TRY IT. Apart from the pictures, print the data below exactly as given.

[DATA BELOW — start]

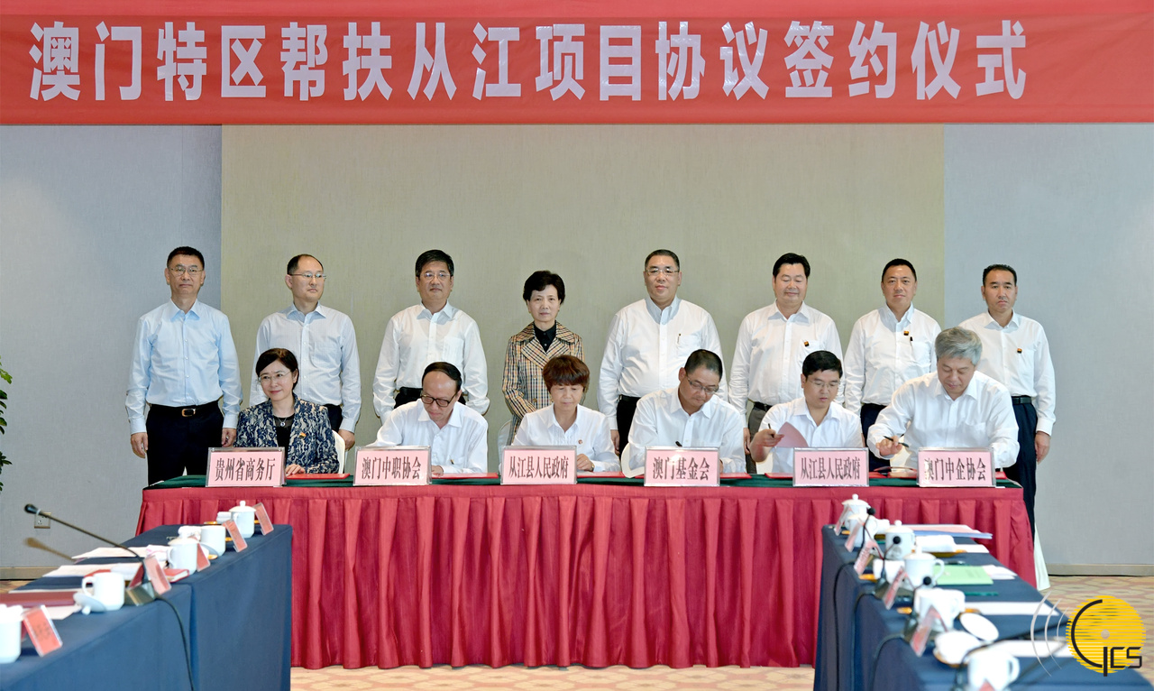 • The Chief Executive, Mr Chui Sai On, the Director of the Liaison Office of the Central People's Government in the Macao SAR, Mr Zheng Xiaosong, and the Governor of Guizhou Province, Ms Chen Yiqin, witness the signing of agreements covering: development on external trade and promotion of MICE sector cooperation; a scholarship scheme for disadvantaged students from Congjiang County to study in Macao higher education institutes; and reconstruction of an integrated teaching building in a Congjiang County school, during a ceremony held in Congjiang County, Guizhou Province.
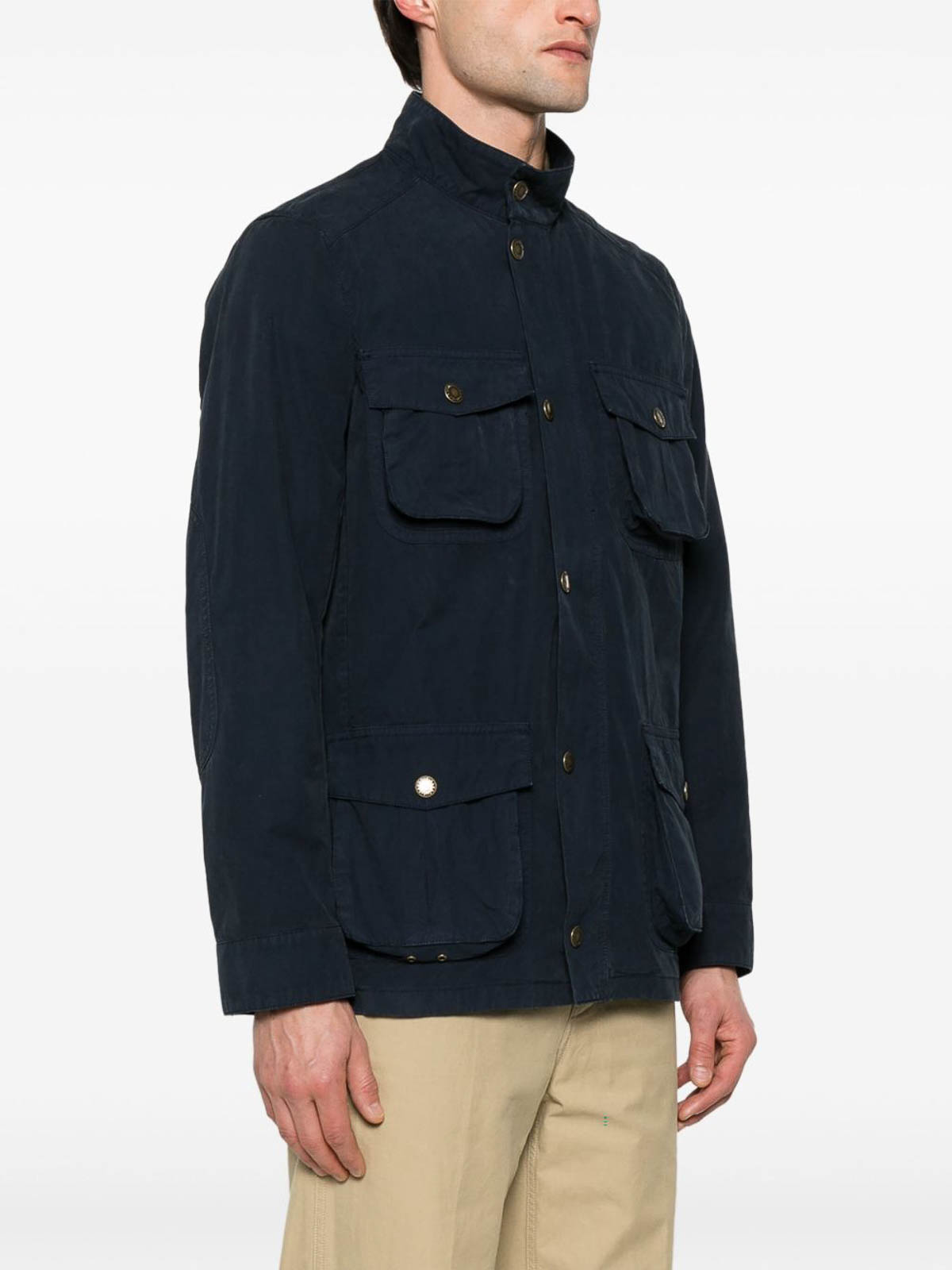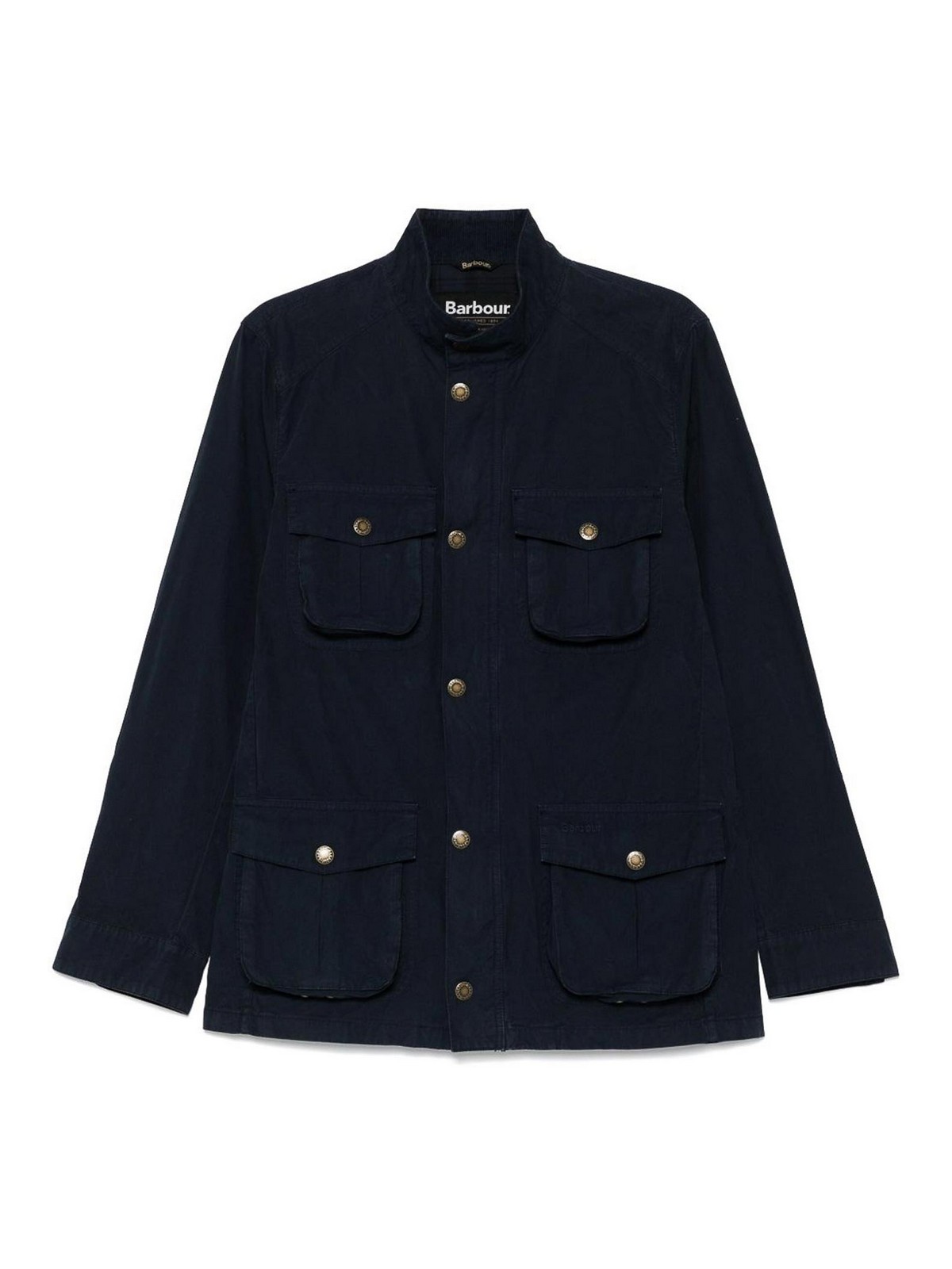 barbourブランドのポケット付きブルーコットンコーブリッジジャケット
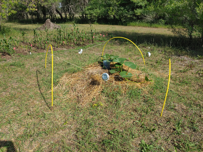 The hoops are supporting a plastic mesh that is stiffer than netting, but more flexible and easier to work with than hardware cloth. As you can see in that first photo, it’s wide enough that it creates more shade, so this is a cover that would be idea to use for things like lettuces, which like more shade. The plastic mesh does sag when the cats jump on it. My plan is to add horizontal supports in between the hoops. These would keep the hoops at the ends from being pulled inwards, plus keep the plastic mesh from sagging downwards. I am hoping it will only need horizontal supports across the very top, but it might need more halfway up each side, too.

[DATA BELOW — finish]

ANSWER TO THE PROBLEM.
 • The Chief Executive, Mr Chui Sai On, the Director of the Liaison Office of the Central People's Government in the Macao SAR, Mr Zheng Xiaosong, and the Governor of Guizhou Province, Ms Chen Yiqin, witness the signing of agreements covering: development on external trade and promotion of MICE sector cooperation; a scholarship scheme for disadvantaged students from Congjiang County to study in Macao higher education institutes; and reconstruction of an integrated teaching building in a Congjiang County school, during a ceremony held in Congjiang County, Guizhou Province.
 barbourブランドのポケット付きブルーコットンコーブリッジジャケット
 The hoops are supporting a plastic mesh that is stiffer than netting, but more flexible and easier to work with than hardware cloth. As you can see in that first photo, it’s wide enough that it creates more shade, so this is a cover that would be idea to use for things like lettuces, which like more shade. The plastic mesh does sag when the cats jump on it. My plan is to add horizontal supports in between the hoops. These would keep the hoops at the ends from being pulled inwards, plus keep the plastic mesh from sagging downwards. I am hoping it will only need horizontal supports across the very top, but it might need more halfway up each side, too.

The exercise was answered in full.